* YOUR ASSIGNMENT *
For this exercise, print the listing below exactly, without its pictures.

* MATERIAL PROVIDED *
..........
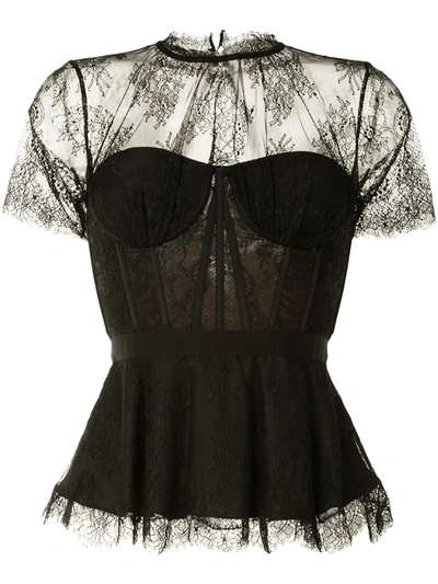 SIMKHAI Kehlani Grosgrain-trimmed Lace Bustier Top In Black
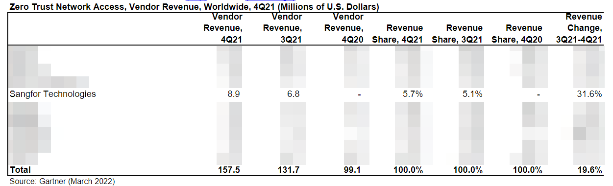 深信服零信任2021年Q4全球市场份额第5
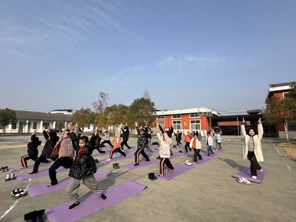 新闻中心讯(通讯员 邢者 李洋洋)“请同学们将左脚向前迈出一大步,成弓步姿势,右腿伸直,双手向上举起,手掌在头顶合十……”1月10日上午,天门市多祥镇第二小学的操场上,一群孩子跟着老师在崭新的瑜伽垫上学习瑜伽,这些瑜伽垫都是新葡的京集团35222vip公共课部的5位老师捐赠的,此外,还捐赠了跳绳、体适能器材、篮球、足球、排球等共计100余件体育用品。
..........
* EXERCISE OUTPUT *
 SIMKHAI Kehlani Grosgrain-trimmed Lace Bustier Top In Black
 深信服零信任2021年Q4全球市场份额第5
 新闻中心讯(通讯员 邢者 李洋洋)“请同学们将左脚向前迈出一大步,成弓步姿势,右腿伸直,双手向上举起,手掌在头顶合十……”1月10日上午,天门市多祥镇第二小学的操场上,一群孩子跟着老师在崭新的瑜伽垫上学习瑜伽,这些瑜伽垫都是新葡的京集团35222vip公共课部的5位老师捐赠的,此外,还捐赠了跳绳、体适能器材、篮球、足球、排球等共计100余件体育用品。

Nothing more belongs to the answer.